Activity.
Your output should be the lines below from the one with "встреч с близкими." through the one with "Step 4: On the", copied exactly, pictures excluded.

Material supplied.
================================

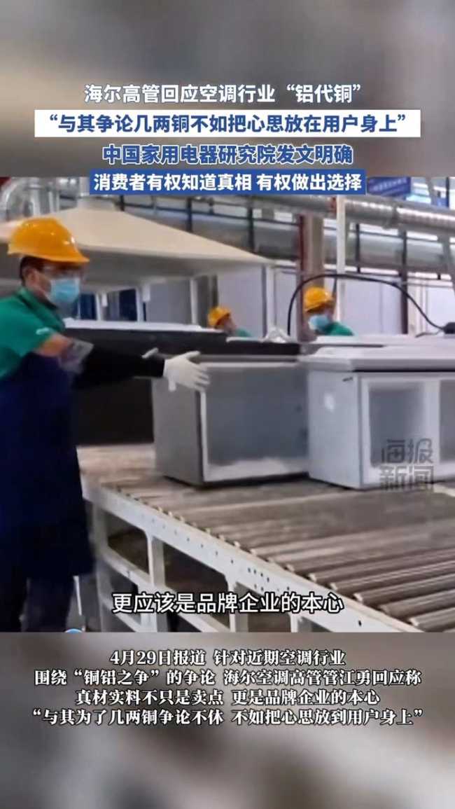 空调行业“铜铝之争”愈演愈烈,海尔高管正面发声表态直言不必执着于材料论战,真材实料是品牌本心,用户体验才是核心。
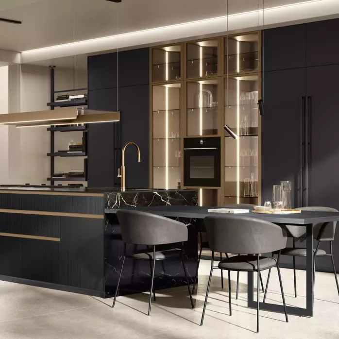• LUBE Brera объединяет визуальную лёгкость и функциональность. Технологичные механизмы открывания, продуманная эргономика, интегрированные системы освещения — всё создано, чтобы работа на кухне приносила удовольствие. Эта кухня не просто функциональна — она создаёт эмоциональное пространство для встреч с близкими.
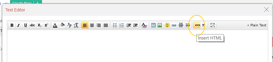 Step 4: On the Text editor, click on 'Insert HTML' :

================================

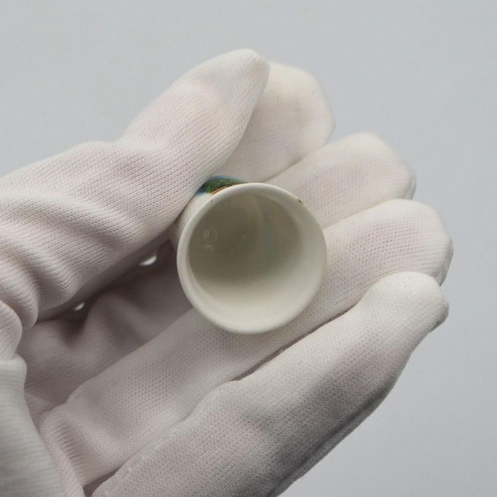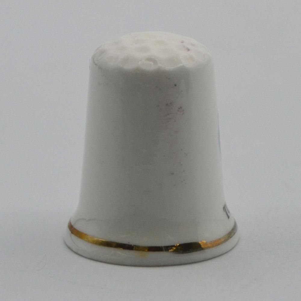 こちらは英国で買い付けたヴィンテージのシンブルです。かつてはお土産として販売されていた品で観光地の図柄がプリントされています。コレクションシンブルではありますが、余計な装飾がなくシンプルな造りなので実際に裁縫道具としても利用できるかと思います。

================================

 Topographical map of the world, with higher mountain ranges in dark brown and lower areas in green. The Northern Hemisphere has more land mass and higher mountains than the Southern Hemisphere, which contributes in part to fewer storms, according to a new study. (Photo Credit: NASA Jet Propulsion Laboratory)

================================

Task result.
• LUBE Brera объединяет визуальную лёгкость и функциональность. Технологичные механизмы открывания, продуманная эргономика, интегрированные системы освещения — всё создано, чтобы работа на кухне приносила удовольствие. Эта кухня не просто функциональна — она создаёт эмоциональное пространство для встреч с близкими.
 Step 4: On the Text editor, click on 'Insert HTML' :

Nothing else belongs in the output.